What is expected>
Lines to restate from the data below: from the one containing "同时根据相关规定,取消浙江民" to the one containing "自分の手札にあるFireエネ", both included. Give them again exactly, and only them.

The input>
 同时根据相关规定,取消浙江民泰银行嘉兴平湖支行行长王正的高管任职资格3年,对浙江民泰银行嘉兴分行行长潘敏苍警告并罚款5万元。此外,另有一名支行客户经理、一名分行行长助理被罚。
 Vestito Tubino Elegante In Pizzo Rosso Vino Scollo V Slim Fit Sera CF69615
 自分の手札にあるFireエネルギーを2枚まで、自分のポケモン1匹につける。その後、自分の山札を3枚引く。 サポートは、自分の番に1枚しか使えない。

* * *

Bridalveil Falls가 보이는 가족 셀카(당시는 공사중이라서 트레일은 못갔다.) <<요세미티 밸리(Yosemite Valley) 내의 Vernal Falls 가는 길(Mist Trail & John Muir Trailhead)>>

Written answer>
 同时根据相关规定,取消浙江民泰银行嘉兴平湖支行行长王正的高管任职资格3年,对浙江民泰银行嘉兴分行行长潘敏苍警告并罚款5万元。此外,另有一名支行客户经理、一名分行行长助理被罚。
 Vestito Tubino Elegante In Pizzo Rosso Vino Scollo V Slim Fit Sera CF69615
 自分の手札にあるFireエネルギーを2枚まで、自分のポケモン1匹につける。その後、自分の山札を3枚引く。 サポートは、自分の番に1枚しか使えない。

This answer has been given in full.